The sixth test now does string copying in a very quick, resource-saving way. It starts inspecting the string at the beginning and copies characters to the other string until it finds a '\0' character. Since this character means "end of string" we can be sure to have copied the whole string afterwards.

Why not use strlen to get the string length, you ask? strlen works in the same way as the while loop here: It starts at the beginning and counts until it reaches '\0'. So while it would have worked, this variant is way faster because it copies the string while obtaining its length, not afterwards. This may save precious CPU time in tight spots.

Conclusion

Most applications have to create strings at certain points. If you have to create them, spend a moment thinking about the string you are creating.
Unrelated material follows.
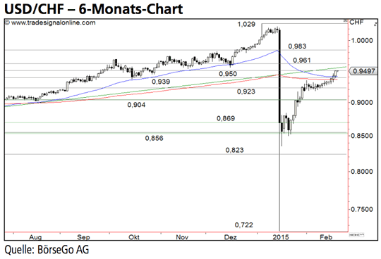 Rückblick: Das Währungspaar USD/CHF befand sich bis Mitte Januar in einem soliden und langfristigen Aufwärtstrend, ehe die Aufhebung des Mindestkurses des Schweizer Franken zum Euro durch die Schweizer Nationalbank einen gewaltigen Kurseinbruch verursachte.

  • Is it empty? If so, use memset to create it or create it as mystring = "\0";
  • Is it constant? If so, declare it as constant. If you're using an AVR processor, you may even want to keep those in program memory to save some more space on runtime.
  • Does it require only minor modifications? If your string manipulation is predictable in such a way that you could easily access it via simple code, don't use sprintf. Spend the few moments writing the additional code, it will save your application lots of resources later on.
  • Does it only require appending one string to another? There is a function strcat. But often you won't even need that, for example when concatenating constant strings. Just place the first string in memory and start writing the second string directly where the first strings '\0' is located.

While the optimizations in this article may seem minor, keep in mind that all those examples only covered the bare minimum to handle their tasks. In real applications, these minor differences can easily blow up enough to make your application work slow or run out of RAM altogether.